Stefan Hohmann is Head of the Department of Biology and Biological Engineering at Chalmers University (Sweden). He studied biology and microbiology at the Technische Universität Darmstadt (Germany), where he received his PhD in 1987 and became professor in 1993. He held positions as visiting professor at the Katholieke Universiteit Leuven (Belgium) and the University of the Orange Free State (South Africa), before joining the University of Gothenburg in 1999 as professor, a position he hold until his change to Chalmers University in 2015. Stefan Hohmann serves as chairman of several committees and is the Swedish representative at the European Molecular Biology Laboratory (EMBL) Research Council.
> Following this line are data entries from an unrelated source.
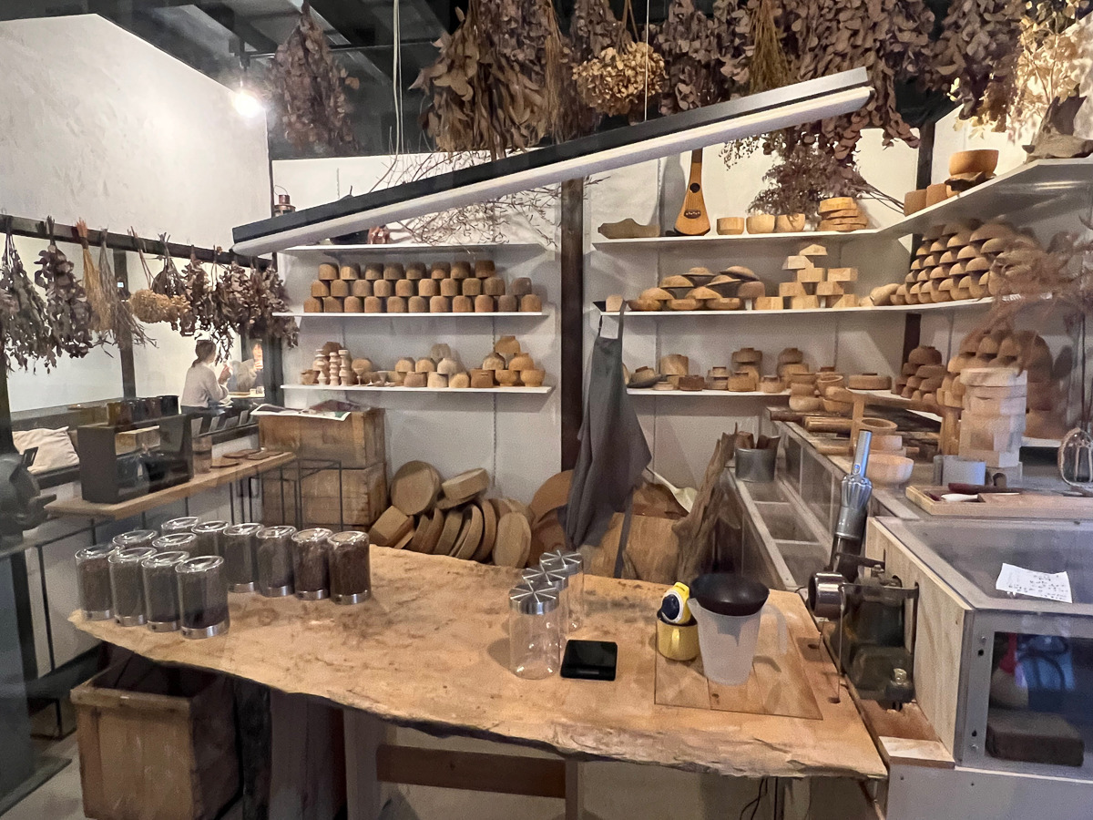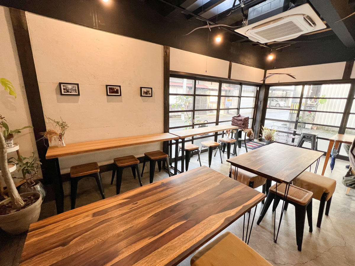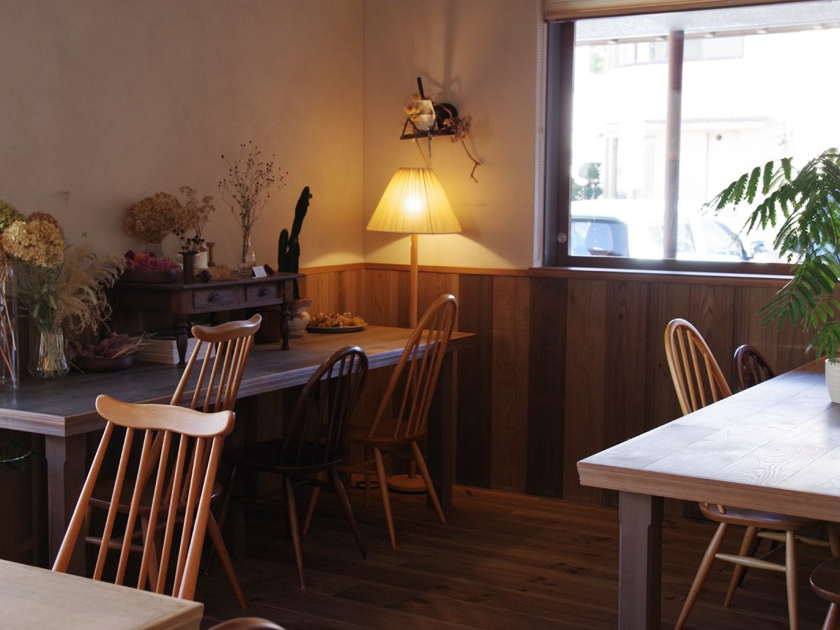 古材を使って作られた奥の小上がり席もおすすめ。壁にもたれて足を伸ばせる絶妙な広さで、靴を脱がずにくつろげます。モビールやドライフラワーが飾られた店内は、温かみのある穏やかな雰囲気に包まれています。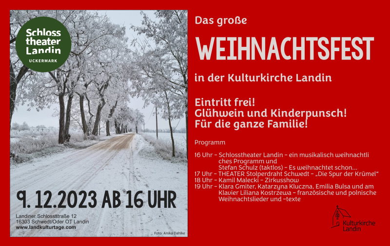 Am Samstag, dem 9. Dezember 2023, lädt das Schlosstheater Landin zum großen Weihnachtsfest in die Kulturkirche Landin ein.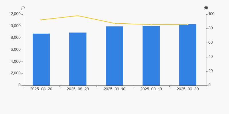 截至2025年9月30日,公司最新总股本为8000.4万股,其中流通股本为3418.32万股。户均持有流通股数量由上期的3408股下降至3303股,户均流通市值28.31万元。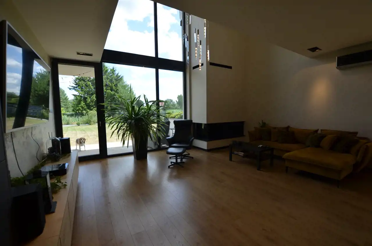 Ogrzewanie podłogowe za pomocą dwufunkcyjnego pieca gazowego, dodatkową funkcję grzewczą jak i ozdobę w salonie stanowi nowoczesny kominek. Dom klimatyzowany, zastosowano rekuperację.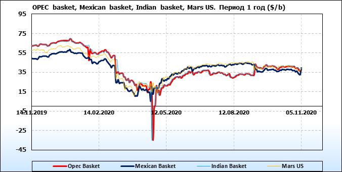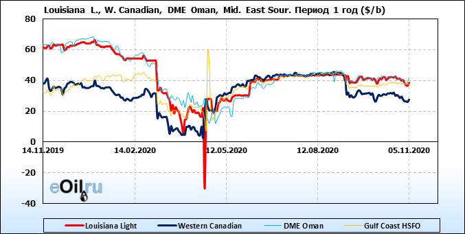 Нефть. Цены по сортам на 5 ноября 2020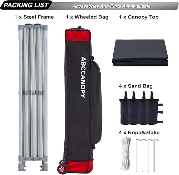 - [Highlight and Technology] (1)Special designed peak tensioner design, lift the top higher to ensure the top tight and firm. Will not collected water in rainy days. Beautiful and Safety.(2)ABCCANOPY oversize designed roller bag allow you to easily put frame and top inside. The flexible big wheels, conveniently and smoothly. Satisfy your need and long lasting.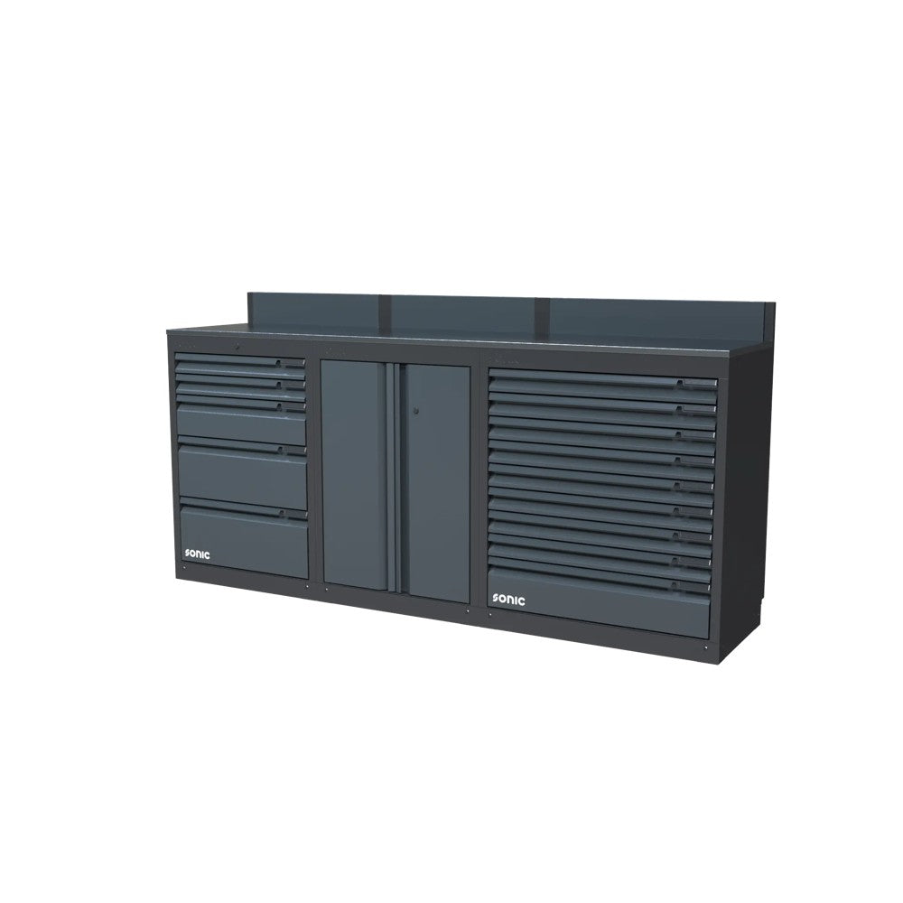 Die NEXT MSS Schrankwand von Sonic besticht durch ihre robuste Edelstahl-Arbeitsplatte und kompakte Bauweise. Mit einer Breite von 2193 mm passt sie perfekt in jeden modernen Werkstattbereich. Die niedrige Ausführung ermöglicht ergonomisches Arbeiten und bietet gleichzeitig großzügigen Stauraum für Werkzeuge und Materialien. Die hochwertige Edelstahloberfläche überzeugt durch ihre Langlebigkeit und einfache Reinigung – ideal für professionelle Anforderungen.
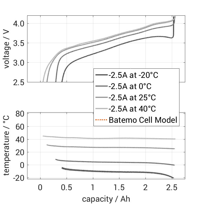 The cell is discharged from 100% SOC with different constant currents at different ambient temper­a­tures. The thermal boundary condi­tion is free convec­tion. The measure­ment stops when reaching either the voltage of 2.5V or the surface temper­a­ture of 80°C.
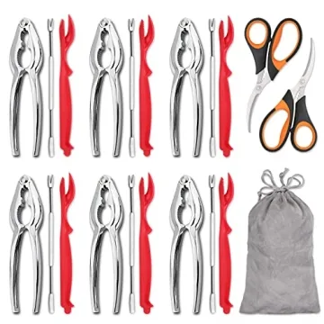Introducing the Hiware 20-Piece Seafood Tools Set, an essential collection for seafood enthusiasts that transforms every shellfish feast into an unforgettable dining experience. This premium ensemble includes 6 durable zinc alloy crab crackers, 6 food-grade plastic lobster shellers, 6 stainless steel crab leg forks or picks, 2 high-grade stainless steel seafood scissors, and a convenient cotton storage case....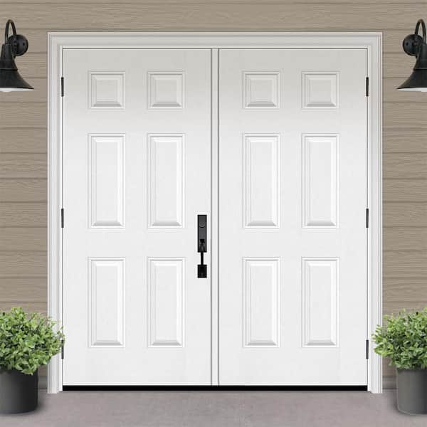 Regency 72 in. x 80 in. 6 Panel RHOS Unfinished White Mahogany Fiberglass Double Prehung Front Door with 4-9/16 Jamb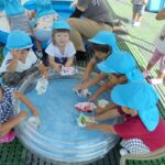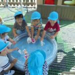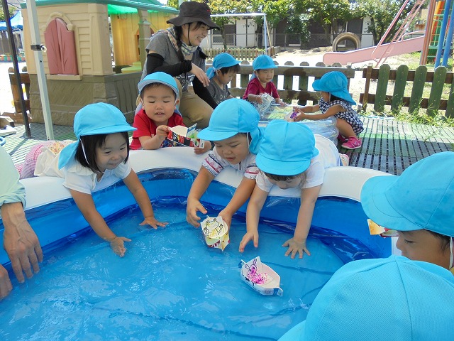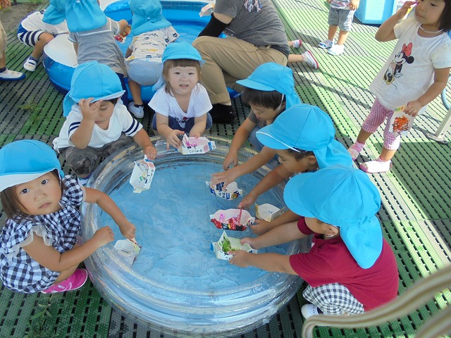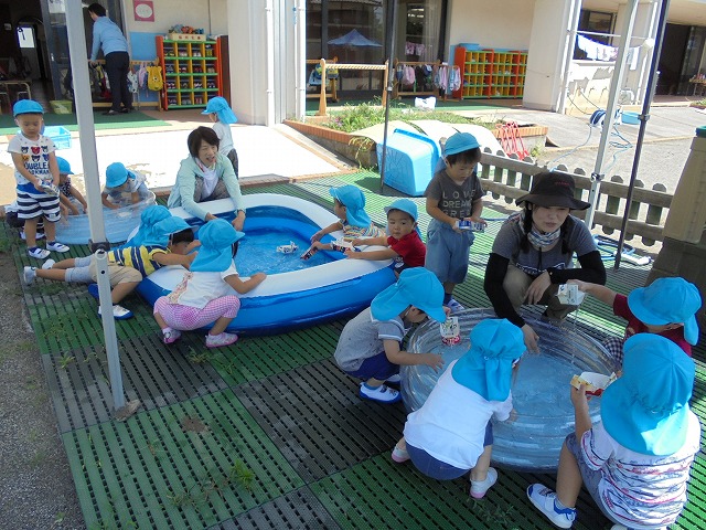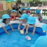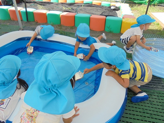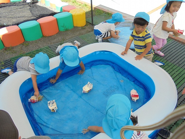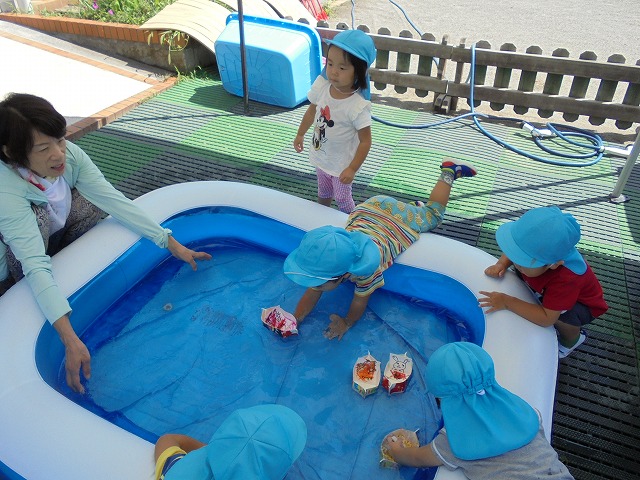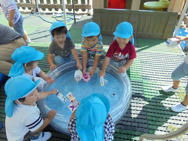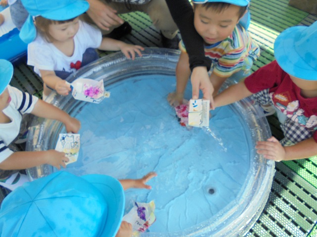 2018/09/19 メイプル 2歳児さんが水遊び プール遊びが終わった場所で、水遊びが続いています。今日は牛乳パックの船を浮かべて楽しみました。(9月1週) 前の記事を見る 記事一覧に戻る 次の記事を見る

Sang Yup Lee is Distinguished Professor at the Department of Chemical and Biomolecular Engineering at the Korea Advanced Institute of Science and Technology (KAIST). He is currently the Director of the Center for Systems and Synthetic Biotechnology, Director of the BioProcess Engineering Research Center, and Director of the Bioinformatics Research Center. He received numerous awards, including the National Order of Merit, the Merck Metabolic Engineering Award and the Elmer Gaden Award. Lee is the Editor-in-Chief of the Biotechnology Journal and Associate Editor and board member of numerous other journals. Lee is currently serving as a member of Presidential Advisory Committee on Science and Technology (Korea).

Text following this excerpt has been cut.